Documentation
¶
Overview ¶
Package wal implements the write-ahead log (WAL) and persistence lifecycle for the registry server. It is extracted from pkg/registry/server as part of the registry monolith decomposition (R6.1).
The WAL closes the data-loss window between snapshot saves. flushSave runs on saveLoopInterval (5s); a crash between saves would otherwise drop every mutation in that window. Each low-frequency mutation records a delta to the WAL synchronously. On startup the snapshot is loaded, then any post-snapshot WAL entries are replayed on top.
Index ¶
- Constants
- Variables
- type DeltaEntry
- type DeltaType
- type DeregisterDelta
- type KeyRotationDelta
- type NetworkCreateDelta
- type NetworkDeleteDelta
- type NetworkMembershipDelta
- type RegisterDelta
- type Snapshot
- type SnapshotNet
- type SnapshotNode
- type Store
- func (st *Store) Close() error
- func (st *Store) IsStandby() bool
- func (st *Store) ReplicaPushCh() chan struct{}
- func (st *Store) ReplicaPushDone() <-chan struct{}
- func (st *Store) ReplicationToken() string
- func (st *Store) SaveCh() chan struct{}
- func (st *Store) SaveDone() <-chan struct{}
- func (st *Store) SetReplicationToken(token string)
- func (st *Store) SetStandby(v bool)
- func (st *Store) Start()
- func (st *Store) TriggerSave()
- func (st *Store) TriggerSnapshot() error
- func (st *Store) WAL() *WAL
- type StoreCallbacks
- type WAL
Constants ¶
const MaxWALSize = maxWALSize
MaxWALSize is the upper bound enforced by Append. Exposed for tests.
Variables ¶
var ErrWALFull = errors.New("WAL: at size cap, refusing append")

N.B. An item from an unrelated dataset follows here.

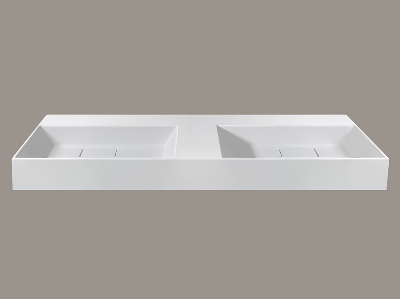 Waschbecken Unitop QUADRO mit Doppelbecken cm 140x48 aus Harz Weiß matt

ErrWALFull is returned by Append when the WAL would exceed maxWALSize. Callers should log + drop the entry (best-effort durability); the in-memory mutation still completed, and the next successful flushSave will persist via the snapshot path and truncate the WAL.
Functions ¶
This section is empty.
Types ¶
type DeltaEntry ¶
type DeltaEntry struct {
SeqNo uint64 `json:"seq_no"`
Type DeltaType `json:"type"`
NodeID uint32 `json:"node_id,omitempty"`
Data json.RawMessage `json:"data,omitempty"`
}
DeltaEntry records a single state mutation for WAL durability.
type DeltaType ¶
type DeltaType uint8
DeltaType identifies what kind of mutation a delta represents.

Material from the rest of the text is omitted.